Steve Unsworth is right about a 10% retrace. I first became aware of this phenomenon in the 1960's when Sir Patrick Sergeant wrote the City Column in the Daily Mail. It is set in stone, it will happen soonish. However prudent investment is usually undertaken by wise heads. Most of us should have been drip feding into the market since the beginning of April rather than being greedy and biting off more than we can chew as in gluttony. But beware, pick the right sort of companies with low gearing and who should benefit from an early upswing in the economy. in the background Lloyds and RBS will make steady headway.

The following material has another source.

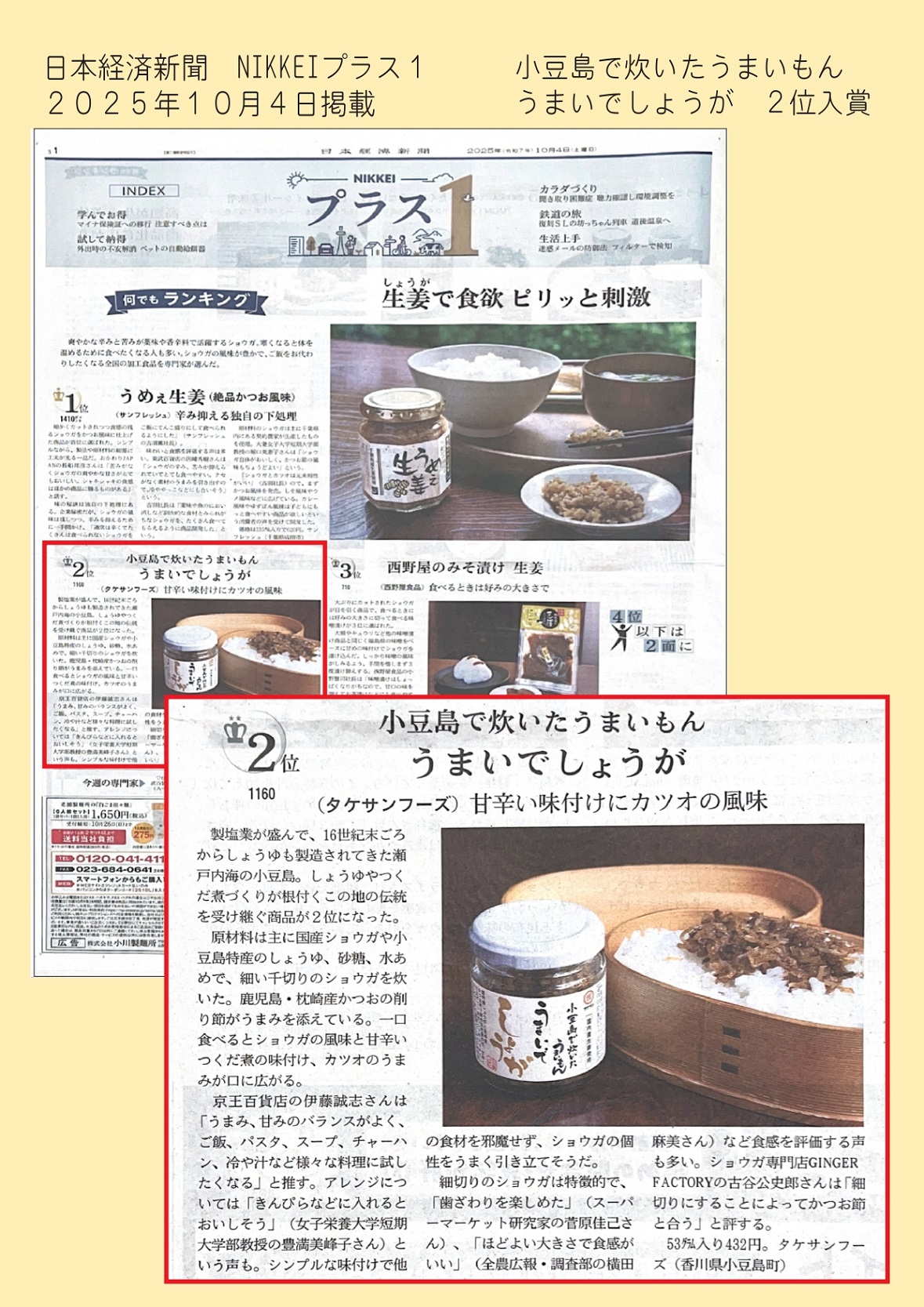 タケサン > お知らせ > 告知 > NIKKEIプラス1 何でもランキングで「小豆島で炊いたうまいもん うまいでしょうが」が選ばれました

jonesjeff 25 Aug 2009 , 10:17pm

Gordon Brown is cranking up the printing presses trying to debauch the pound, so why not hold foreign equities & funds? (Not UK or US)

RobinnBanks 26 Aug 2009 , 1:19am

Deja-vu, Voulez-vous - Aha! Looks like we're in for a bumpy end to the year. October is the historic month for crashes, a correction is likely; over-fifties can top up their shares ISA to £10,000; then a Santa Claus rally for Christmas.
There will be robins!

supersol42 26 Aug 2009 , 9:06am

Plus sa change, c'est exactement la meme chose.

Kinkygirlinky 26 Aug 2009 , 7:55pm

when the seagulls follow the trawler, it is because they think that sardines will be thrown into the sea

RobinnBanks 27 Aug 2009 , 6:23pm

Nil carborundum illigitimi - Don't let the barstewards grind you down!